Great post Tony
What you described is all about attitude.
And attitude is the hardest thing to change...
The thing is... without the right attitude you'll never win.
We can divide the benchrest, or any sport, approach into three main categories. For this purpose I would not group by shooters ability, but instead, by conditions leading to success.
1. Gear
2. Technique
3. Attitude
The two first points are not focused here, because they will better fit on training. Gear acquisition, and its maintenance is all about knowledge and budget. Even a person that doesn't know how to shoot, with the right knowledge can buy the best gear. Technique is the same, is about ability to learn, execute correctly and repeat. It's better served with a Trainer. Someone that master the how's and why's and can transmit them in a perceptive way.
Now, you face a shooter that has all the knowledge, and budget, and have gone successfully through the learning process. Is this his passport for winning? From my perspective he has the ticket for it but is not able to choose the right plane to land there, if if know what I mean. Sometimes he pick the right one, and feels a big ego rise, but majority of times he fall short...
Then, an interior battle will develop, with not rare delusions periods, as he cannot understand what's missing.
Depending on the personality, and mainly beliefs, the choice between points 1 and 2 or 3 will be not an easy task. If the route 3 is not the taken one, he will be lost fighting to learn more technique and to buy "better" gear.
The process will circle... sooner than later, disruption will occur with sudden disinterest and lost for benchrest competition or going to another category...
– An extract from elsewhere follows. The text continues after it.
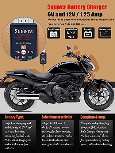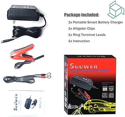 【2】Adapts to all kinds of 6V & 12V battery for car, motorcycle, lawn mower, atv, lawn tractor, truck, suv, boat, classic car, emergency batteries and more. (Note: If the battery power is lower than 3.6v, it is a bad battery and cannot be charged normally)
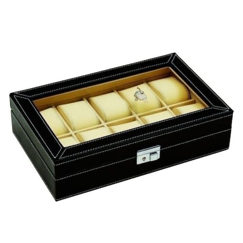 Invista nesta experiência, produtos de ótima qualidade e excelente custo beneficio, confira PORTA RELOGIOS EM CAIXA DE COURO SINTETICO. Dimensões desse produto: Altura: 9, Largura:23 ,Profundidade:33 e Peso:0,4

Attitude is the main driver of winners and champions!
Attitude is about coaching. Sometimes, people tend to go through the mentor route. Mentoring has proved a successful way in intelectual and academic fields, but yet to prove in sports. It looks like because mentoring doesn't tailor attitude, but functions by exemple. By exemple in sports, just doesn't work.
Coaching is the answer for the ones that wan't to achieve the last podium step, knowing that only one can be there... and to be there you had to fight a bunch of pretenders.
The right coach is even harder to find then just a coach!
Commitment between both persons, I didn't express personalities by purpose, is essential, and it starts from the very first questions asked and answers given. If you want a coach, be prepared to be able to choose one. It's up to you, to first understand, why you need/want one.
Tony's post is a very sensitive coach approach. A coach don't demand, don't impose, just anticipate what you could not yet realize.
That's the most important competency you should seek for, in a coach.